What I describe in this blog post is slowly but steadily happening, and was in fact inspired by prototypes that currently exist. The decentralized editor dokieli and its annotation functionalities convincingly demonstrate that every atomic piece of data can be stored in a different place. Spending the summer at MIT’s Decentralized Information Group revealed the possibilities of simple server-side data stores such as Solid for advanced client-side applications. It’s there that I saw for the first time how data can drive everything seamlessly—while apps become simple views. Mashlib proves how everyday needs can be addressed with small applications, since these can tap into existing data instead of needing to duplicate input functionality to ask for basic details over and over. Finally, our work on Linked Data Fragments—and its Solid plugin—aims to grow decentralized querying to a Web scale.
A question many people have is whether decentralization is realistic in real-world scenarios. On the one hand, I’m inclined to answer that, in any case, the Web cannot possibly become more centralized than it already is today. Facebook has already become a main gateway for such an immense number of people, that the only logical direction forward is less centralized. My conviction is based more than just gut feeling, since I see several parties come to similar conclusions. On the other hand, I have experienced the enormous potential of many aspects of the decentralized vision. The idea doesn’t need to start solely with enthusiastic technophiles, but can grow from concrete industry needs. The notion of a private, on-premise data pod appeals to sectors such as finance, law, and healthcare, which have a promising market for high-security data pods and transparent information access through apps as views. From a digital society perspective, personal data pods address the problems we are facing with an increasing number of parties asking consistent access to specific parts of our personal data. I also liked Jim Hendler quoting Marvin Minsky that we’ll know computers are truly becoming intelligent when they won’t ask for the same info twice ever again. Approaching decentralization the right way will enable exactly that.

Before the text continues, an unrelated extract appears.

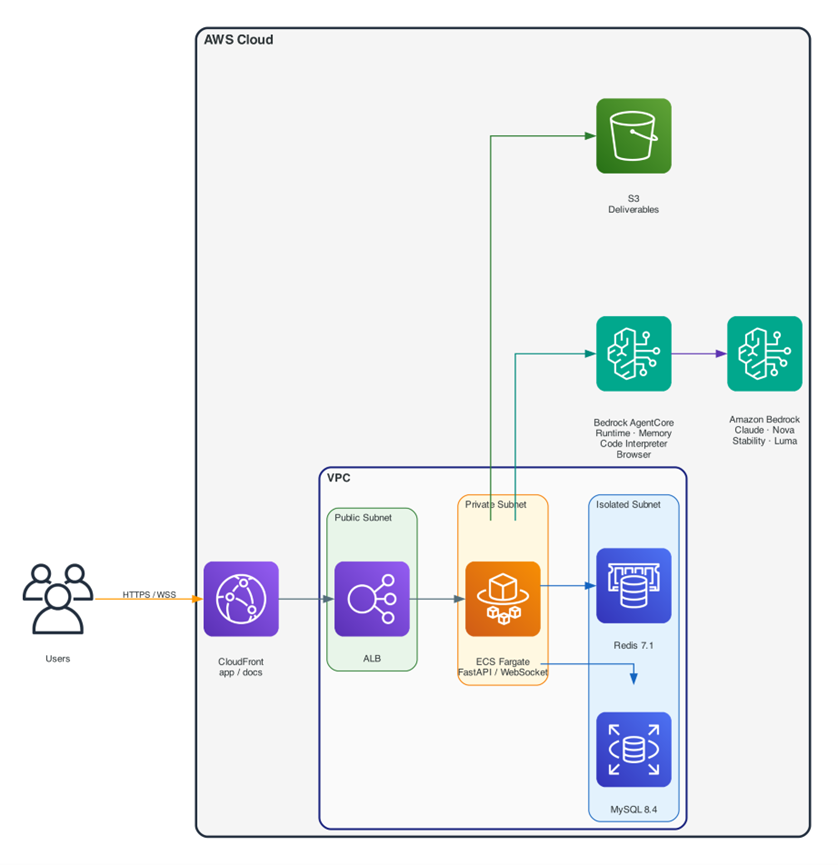 [图:平台整体架构——用户请求通过 CloudFront 进入 VPC,经 ALB 到达 ECS Fargate 上的 FastAPI 后端,Agent 通过 Bedrock AgentCore 调用大模型和工具,交付物存储在 S3 中。] |

The final question is who will pay for all of this. The good news is that we’ll have a choice there too. Bundled package deals such as Facebook and Twitter only offer the ad-based payment option with its infamous consequences. In a decentralized world, we can choose our data and app providers independently, and decide for each how we are willing to pay. The bad news is that this means not everything is going to be “free”, as it seemingly appears now. However, increased competition—on two separate markets—should lead to fair prices. And if we really want free options, we could even imagine paying with our personal data, giving selected parts away in exchange for ads. That’s of course how social media are implicitly supported now, but the main difference will be that we decide which data can be used for advertising purposes and which cannot. This proves once more that, at its core, decentralization starts with us taking back control of our data, as a source for a new generation of innovative Web applications.